------ Entries shown ------

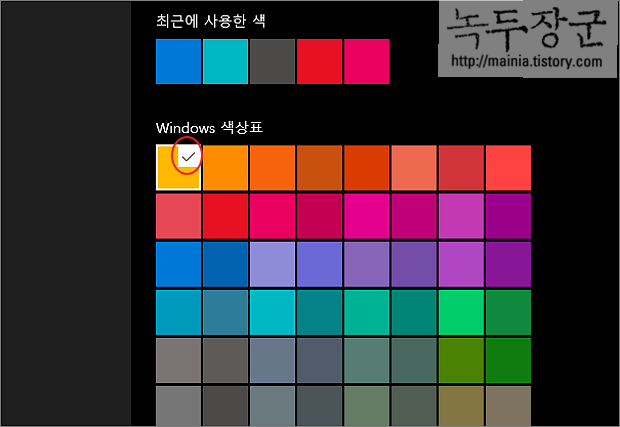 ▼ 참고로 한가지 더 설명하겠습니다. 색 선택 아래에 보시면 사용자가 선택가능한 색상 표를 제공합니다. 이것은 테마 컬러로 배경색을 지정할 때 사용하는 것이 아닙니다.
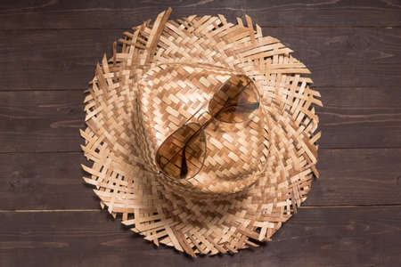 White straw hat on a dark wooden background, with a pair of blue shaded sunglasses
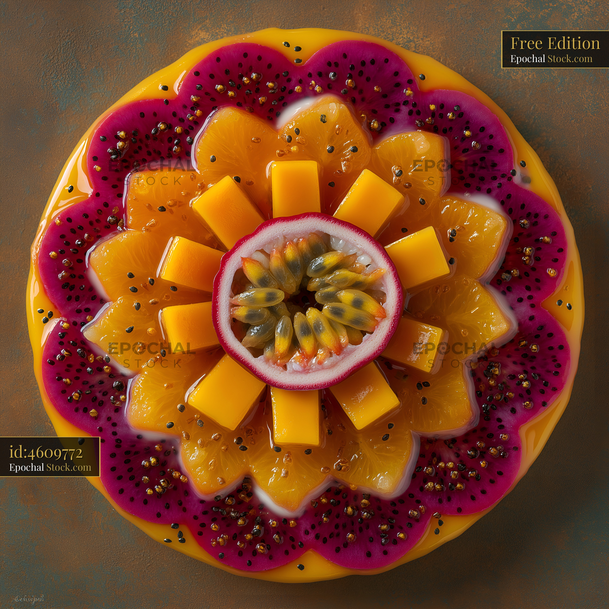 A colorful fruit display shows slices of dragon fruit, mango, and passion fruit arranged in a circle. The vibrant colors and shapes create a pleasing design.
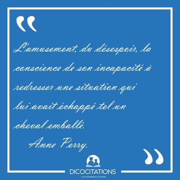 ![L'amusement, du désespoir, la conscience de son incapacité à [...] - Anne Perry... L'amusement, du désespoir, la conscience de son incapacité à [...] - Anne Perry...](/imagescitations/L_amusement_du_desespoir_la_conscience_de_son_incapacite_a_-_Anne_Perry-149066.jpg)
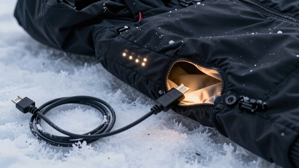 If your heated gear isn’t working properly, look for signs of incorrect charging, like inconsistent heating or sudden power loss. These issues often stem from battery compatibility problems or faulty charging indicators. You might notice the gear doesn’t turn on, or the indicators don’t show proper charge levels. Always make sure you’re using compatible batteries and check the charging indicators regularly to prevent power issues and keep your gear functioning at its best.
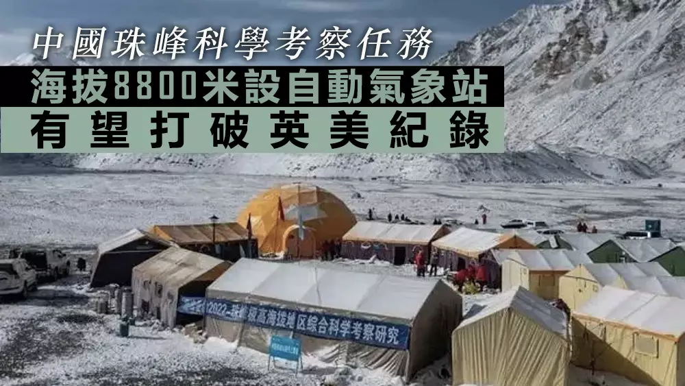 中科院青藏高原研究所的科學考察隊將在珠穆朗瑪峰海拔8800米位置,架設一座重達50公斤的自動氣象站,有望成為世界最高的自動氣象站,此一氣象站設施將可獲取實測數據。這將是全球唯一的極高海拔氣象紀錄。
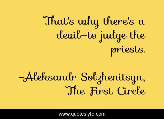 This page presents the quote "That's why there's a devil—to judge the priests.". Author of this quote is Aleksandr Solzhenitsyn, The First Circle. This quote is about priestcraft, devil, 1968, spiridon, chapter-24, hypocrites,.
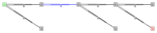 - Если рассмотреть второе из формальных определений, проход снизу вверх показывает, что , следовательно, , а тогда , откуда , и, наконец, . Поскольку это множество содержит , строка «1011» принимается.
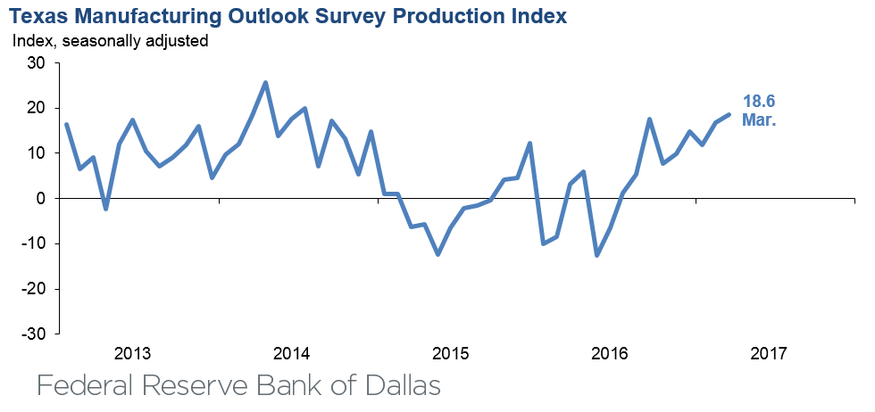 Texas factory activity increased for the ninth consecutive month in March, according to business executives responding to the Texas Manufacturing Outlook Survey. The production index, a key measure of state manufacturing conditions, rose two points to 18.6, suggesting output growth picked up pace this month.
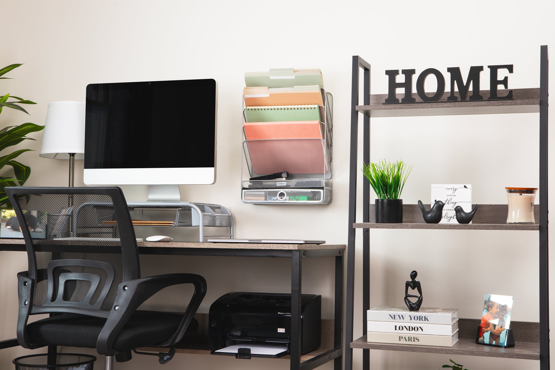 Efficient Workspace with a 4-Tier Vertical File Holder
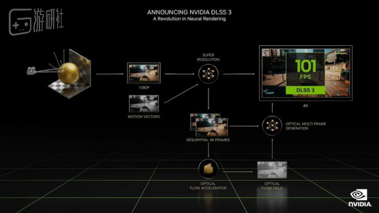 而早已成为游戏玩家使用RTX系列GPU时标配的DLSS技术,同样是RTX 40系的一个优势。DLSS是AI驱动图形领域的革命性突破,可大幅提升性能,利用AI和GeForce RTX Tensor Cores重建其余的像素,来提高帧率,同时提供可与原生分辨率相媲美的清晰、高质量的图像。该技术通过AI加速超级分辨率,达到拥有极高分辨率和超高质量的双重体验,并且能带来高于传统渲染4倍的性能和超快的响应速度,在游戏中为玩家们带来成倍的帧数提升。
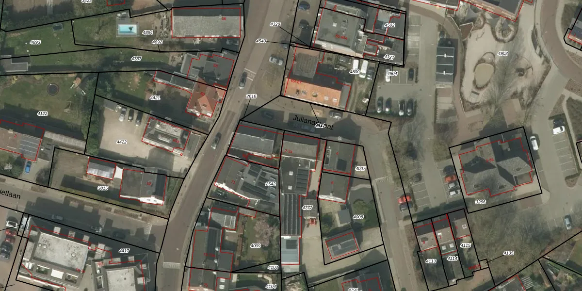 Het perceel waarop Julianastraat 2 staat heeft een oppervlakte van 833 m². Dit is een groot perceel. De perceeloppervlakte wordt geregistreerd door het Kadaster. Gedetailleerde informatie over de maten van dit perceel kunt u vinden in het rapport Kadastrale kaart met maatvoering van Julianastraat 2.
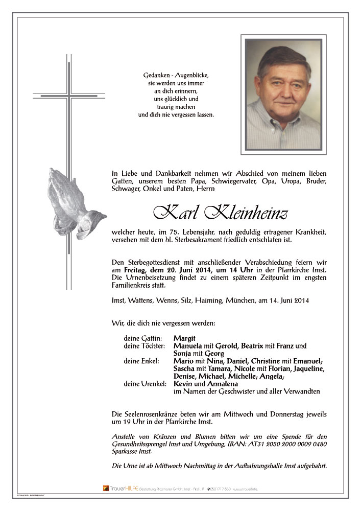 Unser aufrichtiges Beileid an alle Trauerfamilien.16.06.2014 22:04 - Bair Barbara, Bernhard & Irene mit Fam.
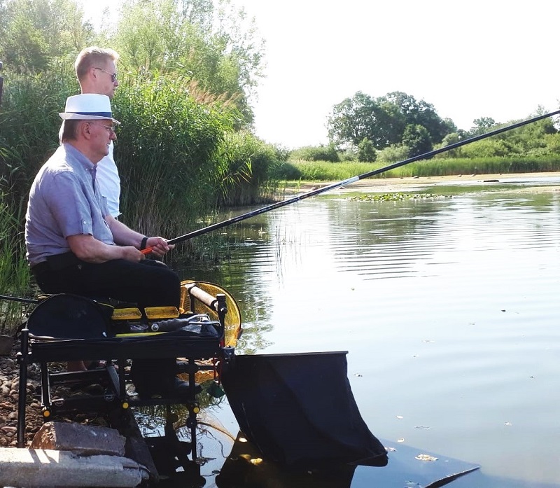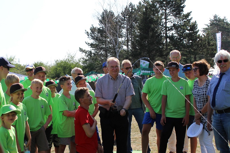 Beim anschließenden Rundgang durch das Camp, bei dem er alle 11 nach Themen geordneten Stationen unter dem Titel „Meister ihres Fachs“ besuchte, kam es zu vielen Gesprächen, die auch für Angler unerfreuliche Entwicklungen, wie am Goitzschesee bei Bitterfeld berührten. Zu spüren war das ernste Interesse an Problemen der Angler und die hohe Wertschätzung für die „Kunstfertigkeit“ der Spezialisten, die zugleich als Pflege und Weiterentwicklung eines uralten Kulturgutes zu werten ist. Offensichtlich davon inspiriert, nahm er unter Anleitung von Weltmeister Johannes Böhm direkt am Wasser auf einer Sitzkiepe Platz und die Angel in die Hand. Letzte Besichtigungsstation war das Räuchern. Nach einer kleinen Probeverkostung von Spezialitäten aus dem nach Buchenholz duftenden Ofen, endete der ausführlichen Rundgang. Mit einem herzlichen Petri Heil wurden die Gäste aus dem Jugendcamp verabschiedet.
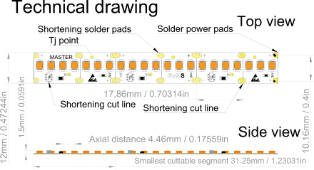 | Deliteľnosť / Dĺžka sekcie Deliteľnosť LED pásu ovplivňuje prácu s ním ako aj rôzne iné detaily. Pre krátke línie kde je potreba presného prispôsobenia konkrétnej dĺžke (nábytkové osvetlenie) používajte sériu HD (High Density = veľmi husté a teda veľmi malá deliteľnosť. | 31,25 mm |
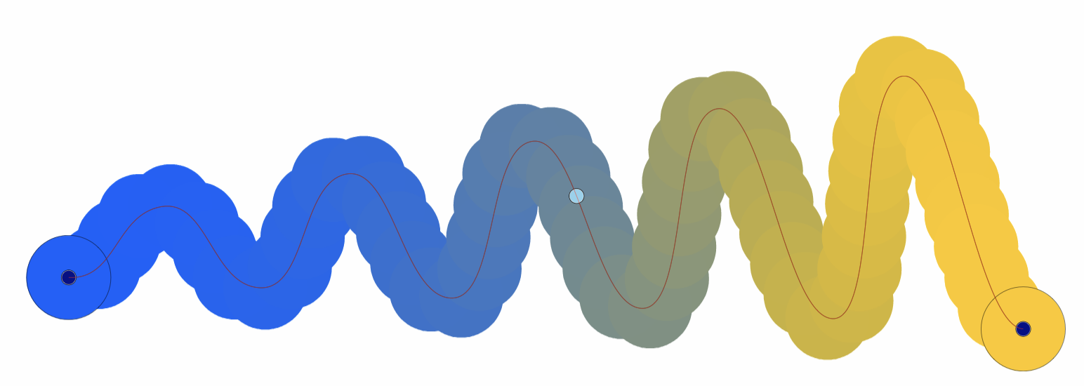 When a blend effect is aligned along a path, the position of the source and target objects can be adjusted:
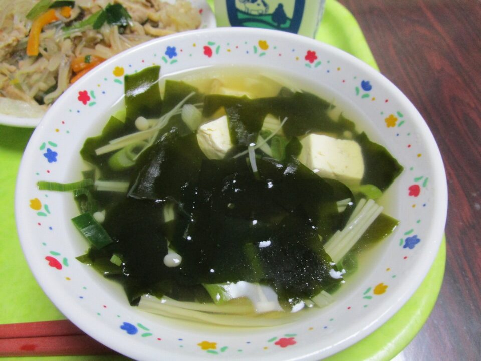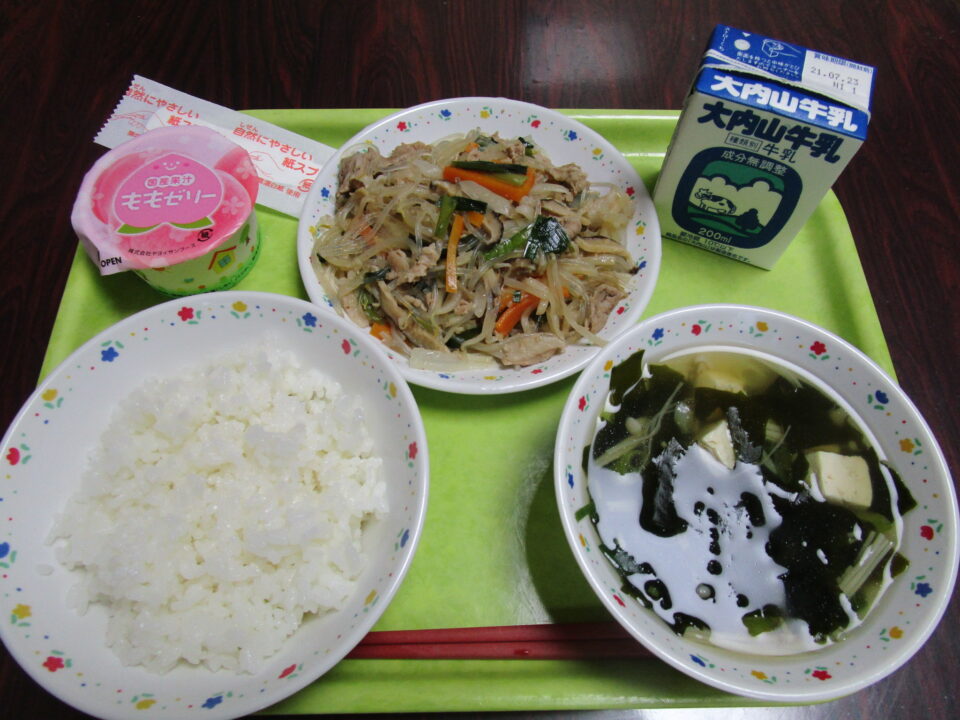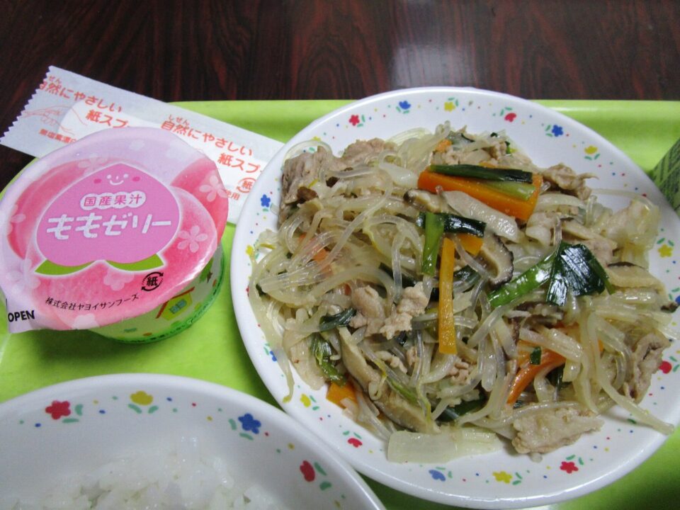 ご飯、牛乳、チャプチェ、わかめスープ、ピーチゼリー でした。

------

■ **What to produce**: Write out only the lines from the line containing "Unser aufrichtiges Beileid" through the end of the material above, both end lines included. Pictures are not written out.

■ **Exercise result**:
 Unser aufrichtiges Beileid an alle Trauerfamilien.16.06.2014 22:04 - Bair Barbara, Bernhard & Irene mit Fam.
 Beim anschließenden Rundgang durch das Camp, bei dem er alle 11 nach Themen geordneten Stationen unter dem Titel „Meister ihres Fachs“ besuchte, kam es zu vielen Gesprächen, die auch für Angler unerfreuliche Entwicklungen, wie am Goitzschesee bei Bitterfeld berührten. Zu spüren war das ernste Interesse an Problemen der Angler und die hohe Wertschätzung für die „Kunstfertigkeit“ der Spezialisten, die zugleich als Pflege und Weiterentwicklung eines uralten Kulturgutes zu werten ist. Offensichtlich davon inspiriert, nahm er unter Anleitung von Weltmeister Johannes Böhm direkt am Wasser auf einer Sitzkiepe Platz und die Angel in die Hand. Letzte Besichtigungsstation war das Räuchern. Nach einer kleinen Probeverkostung von Spezialitäten aus dem nach Buchenholz duftenden Ofen, endete der ausführlichen Rundgang. Mit einem herzlichen Petri Heil wurden die Gäste aus dem Jugendcamp verabschiedet.
 | Deliteľnosť / Dĺžka sekcie Deliteľnosť LED pásu ovplivňuje prácu s ním ako aj rôzne iné detaily. Pre krátke línie kde je potreba presného prispôsobenia konkrétnej dĺžke (nábytkové osvetlenie) používajte sériu HD (High Density = veľmi husté a teda veľmi malá deliteľnosť. | 31,25 mm |
 When a blend effect is aligned along a path, the position of the source and target objects can be adjusted:
 ご飯、牛乳、チャプチェ、わかめスープ、ピーチゼリー でした。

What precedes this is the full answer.